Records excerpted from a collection
^^^^
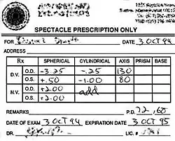 The parameters specified on spectacle prescriptions vary, but typically include the patient's name, power of the lenses, any prism to be included, the pupillary distance, expiration date, and the prescriber's signature. The prescription is typically determined during a refraction, using a phoropter and asking the patient which of two lenses is better, or by an automated refractor, or through the technique of retinoscopy. A dispensing optician will take a prescription written by an optometrist and order and/or assemble the frames and lenses to then be dispensed to the patient.
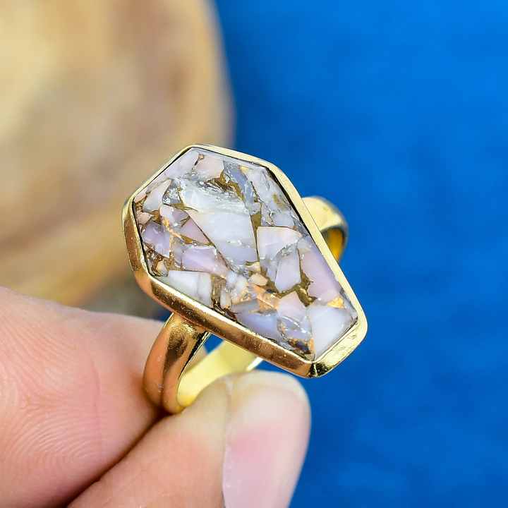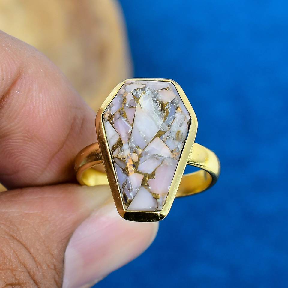 แหวนพลอยโอปอลสีชมพูรูปโลงศพทำมือ ชุบทอง 18k บนตัวเรือนเงินแท้ 925
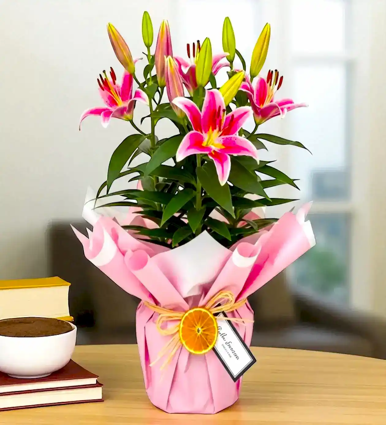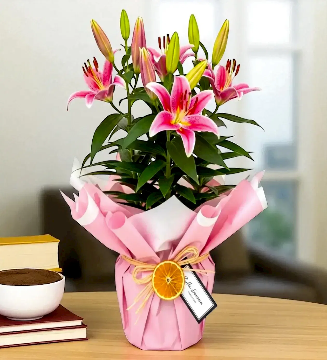🌸 Canlı pembe zambak çiçeği (saksılı bitki)
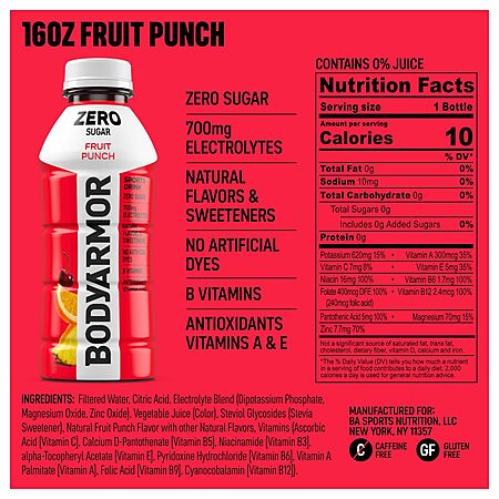 Quench Your Thirst with Zero Guilt!Dive into refreshing hydration with BODY ARMOR Zero Sugar Electrolyte Drinks. Perfect for workouts, busy days, or anytime you need a boost!Available Flavors:
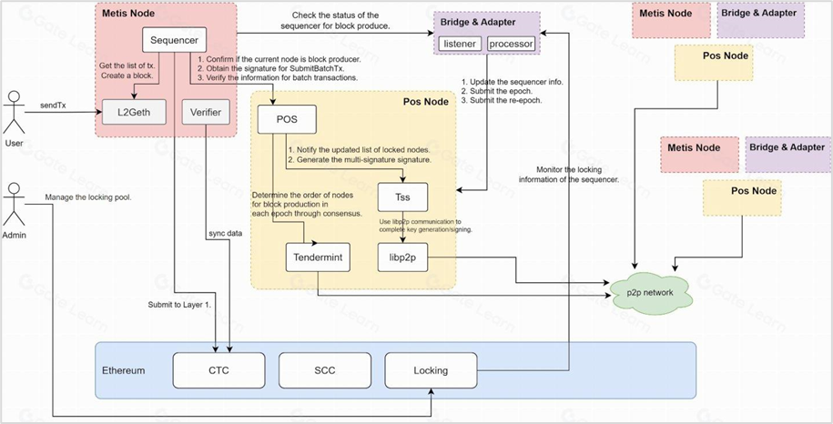 Metis 是首批实践去中心化 Pos 排序器的 Layer 2 网络,为未来的发展提供了一个范本。这个范本不仅实现了排序器的去中心化,还提供了一个基于 PoS(权益证明)的去中心化 Optimistic Rollup 解决方案。在这个范本中,Metis 的去中心化 Pos 排序器包含了三个主要角色:管理员、排序器和 PoS 共识层。
^^^^
__Exercise objective__
Set down word for word every line from the line containing "แหวนพลอยโอปอลสีชมพูรูปโลงศพทำมือ ชุบทอง 18k" through the last line of the entries, and nothing more; no pictures.

__Completed exercise__
 แหวนพลอยโอปอลสีชมพูรูปโลงศพทำมือ ชุบทอง 18k บนตัวเรือนเงินแท้ 925
🌸 Canlı pembe zambak çiçeği (saksılı bitki)
 Quench Your Thirst with Zero Guilt!Dive into refreshing hydration with BODY ARMOR Zero Sugar Electrolyte Drinks. Perfect for workouts, busy days, or anytime you need a boost!Available Flavors:
 Metis 是首批实践去中心化 Pos 排序器的 Layer 2 网络,为未来的发展提供了一个范本。这个范本不仅实现了排序器的去中心化,还提供了一个基于 PoS(权益证明)的去中心化 Optimistic Rollup 解决方案。在这个范本中,Metis 的去中心化 Pos 排序器包含了三个主要角色:管理员、排序器和 PoS 共识层。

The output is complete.